April 15, 2016

FORT WORTH, Texas (AP) Florida gymnast Bridget Sloan likes to talk about going ''four for four'' - hitting all the routines in one meet.

On Saturday, the senior will go for another ''four for four'' - four consecutive NCAA titles with the Gators. And that's after adding three individual national championships to give her six for her college career.

Sloan won the all-around and carried her team to the top score in the first semifinal session at the NCAA women's championships Friday.

The Gators, with a score of 197.475, qualified for the Super Six finals along with Southeastern Conference rivals LSU and Georgia.

Top-ranked Oklahoma, which shared the 2014 title with Florida, had the highest score in the second semifinal session at 197.7125.

Alabama was second at 197.3875, reaching the finals for the ninth straight year and giving the SEC four teams in the Super Six finals Saturday night. UCLA (196.7) took the last spot.

Sloan, who won the all-around as a freshman in 2013, posted a 37.9 that held up through the evening session. She was co-champion on uneven bars and balance beam with a score of 9.95 on both, tying Georgia's Brittany Rogers on bars and UCLA's Danusia Francis on beam.

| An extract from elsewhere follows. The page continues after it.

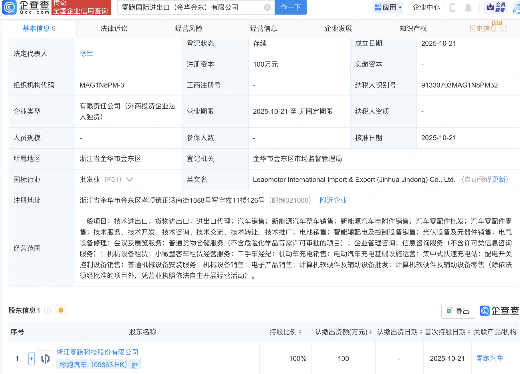 企查查APP显示,近日,零跑国际进出口(金华金东)有限公司成立,法定代表人为徐军,经营范围包含:新能源汽车整车销售;新能源汽车电附件销售;小微型客车租赁经营服务;二手车经纪;机动车充电销售等。企查查股权穿透显示,该公司由零跑汽车(09863.HK)全资持股。

''It's been an incredible journey, but we've got one more day,'' said Sloan, a 2008 U.S. Olympian whose all-around score was 39.7 with all four events at 9.9 or higher. ''We're going to bring the heat tomorrow.''

Brandie Jay of Georgia and Alabama's Katie Bailey tied for the vault title at 9.95. Denver's Nina McGee won floor exercise, also at 9.95.

Florida is trying to become the third team to win at least four straight titles. Georgia took five straight from 2005-09, and Utah won the first five NCAA meets from 1982-86.

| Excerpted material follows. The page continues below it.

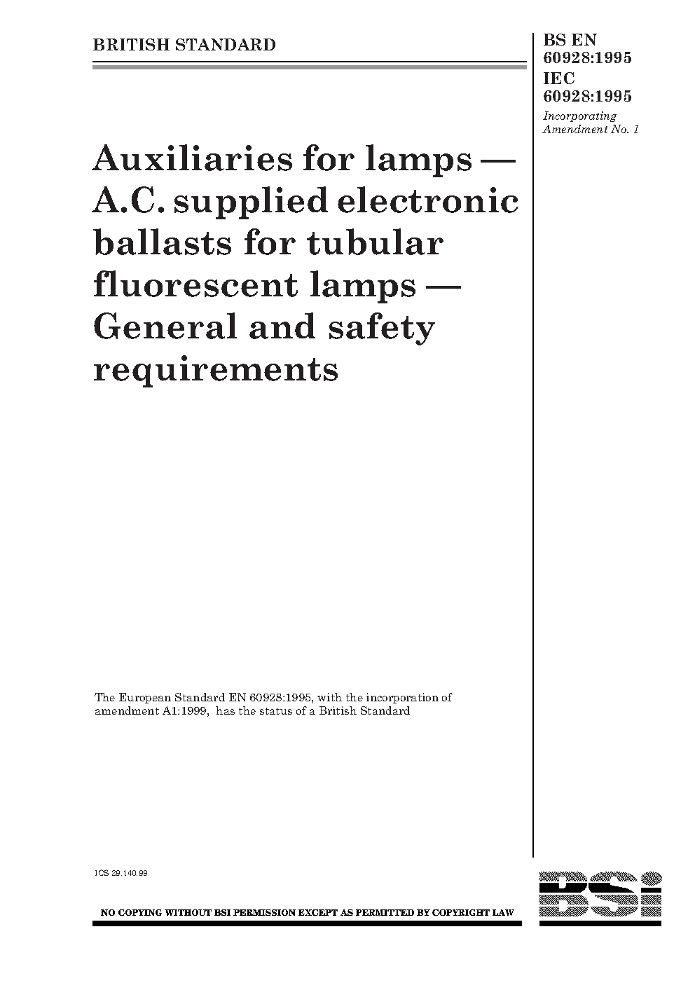 Lamp controlgear Particular requirements for a.c. supplied electronic ballasts fluorescent lamps

The Gators have a first-year coach in Jenny Rowland, who replaced Rhonda Faehn when Faehn took a job with USA Gymnastics a week after winning the 2015 title.

''Everybody that asks me, `Hey, are you going to win a fourth one?' And my answer has always been, `You know what? I've never won one before,''' Rowland said. ''So this is an opportunity for me help this team win another championship and it would be the first time that I would have a championship of my own.''

Oklahoma, which finished third last year and was runner-up to Florida in 2013, was led by Chayse Capps. The junior from the Dallas-Fort Worth area had the high all-around score in the late session at 39.6125.

''We don't necessarily focus on the other team,'' Capps said. ''We try to focus on what we do in the gym and how we train and we keep the energy within our team. So that's what we're going to be focusing on tomorrow.''

Ashleigh Gnat and Myia Hambrick boosted LSU to the second spot in the early session at 197.3375, with Gnat recording a 9.925 on vault and Hambrick matching that score on floor exercise. A year ago, the Tigers didn't qualify for the Super Six.

''I don't think we were really thinking a lot about last year,'' Gnat said. ''We were just focused on what we had to do today and the team that we have creating the momentum to be able to go into tomorrow with a good mindset.''

Brandie Jay energized the Georgia crowd with the top early score on vault at 9.95 to help the team reach the finals for the third time in the past four years with a score of 196.725.

''No question we've had an up-and-down season and I think a lot of people counted us out,'' Georgia coach Danna Durante said. ''They're tough, they're resilient. We had no doubt.''

Stanford's Elizabeth Price, the only individual event winner returning from last year, won't repeat her crown on vault. The sophomore, an alternate on the 2012 U.S. Olympic team, was tied for third after the early session at 9.9.